Coefficient Extraction of SAC305 Solder Constitutive Equations Using Equation-Informed Neural Networks
Round 1
Reviewer 1 Report
Comments for author File: Comments.pdf
Authors are advised to double check the manuscript to avoid typing and grammatical errors
Author Response
Please see the attachment.
Author Response File: Author Response.pdf
Reviewer 2 Report
In this manuscript, authors developed the concept of equation-informed neural networks (EINS) as an efficient method for extracting the coefficients of constitutive equations. Subsequently, numerical Bayesian inference (BI) iterations were applied to estimate the distribution of these coefficients, thereby further refining them. The idea seems interesting, however some points were not clear. Although a comparison with the literature was presented, the references used were published more than a decade ago. This practice leaves the scientific contribution of the manuscript in doubt. What is the state of the art in the subject addressed?
Some additional comments
1. According to the International System of Units (SI) 9th edition 2019,
a) When the symbol % is used, a space separates the number and the symbol %.
b) The numerical value always precedes the unit and a space is always used to separate the unit from the number. Thus, the value of the quantity is the product of the number and the unit. The space between the number and the unit is regarded as a multiplication sign (just as a space between units implies multiplication). The only exceptions to this rule are for the unit symbols for degree, minute and second for plane angle, °, ′ and ″, respectively, for which no space is left between the numerical value and the unit symbol.
These comments are valid for the whole manuscript.
c) Following the 9th CGPM (1948, Resolution 7) and the 22nd CGPM (2003, Resolution 10), for numbers with many digits the digits may be divided into groups of three by a space, in order to facilitate reading. Neither dots nor commas are inserted in the spaces between groups of three. However, when there are only four digits before or after the decimal marker, it is customary not to use a space to isolate a single digit. The practice of grouping digits in this way is a matter of choice; it is not always followed in certain specialized applications such as engineering drawings, financial statements and scripts to be read by a computer.
d) Although temperature can be expressed in K and °C, both units accepted by the SI, standardization is recommended.
2. Take care with the manuscript formatting. Tables 5 and 7 were divided into two pages. There are subtitles that were left at the end of the page.
Also check the writing.
3. Check the number of significant digits in the results shown in Tables 5 and 7.
4. Check the writing of the title of Figure 12. Lack of space between declared temperature values.
5. On page 2, Line 67 t0 67 “Moreover, the obtained coefficients based on the least square method are sensitive to the outliners, and this method does not apply to the censored data.”
Outliners or outliers? Check!
6. On Page 10, Line 271 “Although the distribution of the ??1 coefficients demonstrate a small faction of the outliners from BI integration as Figure 7, both ??2 272 and ??3 show statistical robustness within ±5% difference.”
a) Faction? Check?
b) Outliners? Check!
c) What does “statistical robustness” mean?
d) Difference or residuals?
7. The quality of Figure 8 should be improved.
8. What is the justification for using the experimental data from Motalab et al. [12,13]. These articles were published a decade ago. Xiao and Armstrong [10] was published in 2005. Other data from the literature could not have been used for this purpose as well?

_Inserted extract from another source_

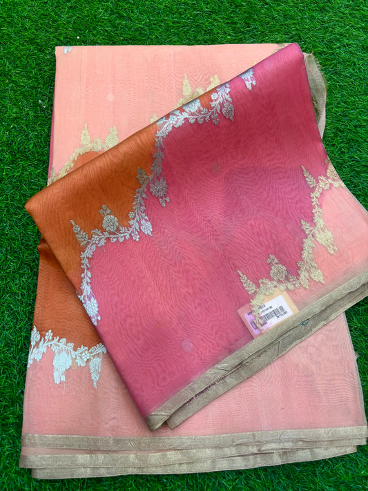 Light Orange Pure Kora Katan Rungkaat Banarasi Saree

Several references published in the last 5 years are presented in the reference list.
a) Did you have access to numerical values of the variables of interest?
b) It is recommended to specify in each case which data were used.

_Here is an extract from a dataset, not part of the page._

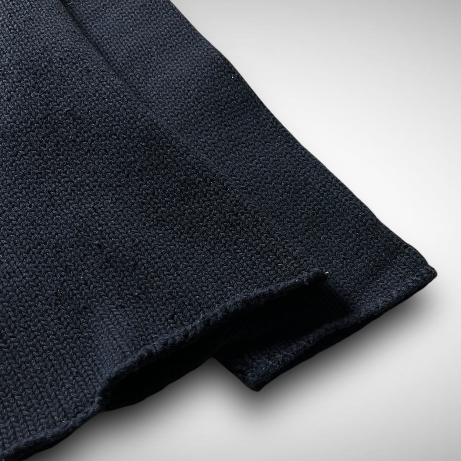 Navy knit pullover with removable green-edge badge, ribbed collar and exposed seams at hem and cuffs.

c) Was the used dataset sufficient for validation?
Author Response
Please see the attachment.
Author Response File: Author Response.pdf
Reviewer 3 Report
The paper addresses important issue of identification of constitutive equations using neural network. In my opinion the paper is interesting. Nevertheless, I have some suggestion:
Application of neural networks have recently gained a lot of interest in the context of material modelling. In my opinion authors should emphasise more novelty of their paper against the background of the state of the art. In my opinion introduction should be enriched by the state of the art on neural networks approaches in this application.
Could you clarify in the text what is the data structure of inputs and outputs? Are this sampling points of single experimental curve (what type of experiment)? Are 1 000 Bayesian interfence interactions performed on the same data or different samples? If different samples, have you checked error of single identification ?
MSE in some case is very high. Could you comment more on that in the paper?
Author Response
Please see the attachment.
Author Response File: Author Response.pdf
Round 2
Reviewer 1 Report
The authors have corrected the manuscript according to comments. Now, the manuscript may be accepted in its present form.
Reviewer 2 Report
All my comments were satisfactorily addressed by the authors. I recommend the manuscript publication.
Reviewer 3 Report
In my opinion the paper could be published in the current form.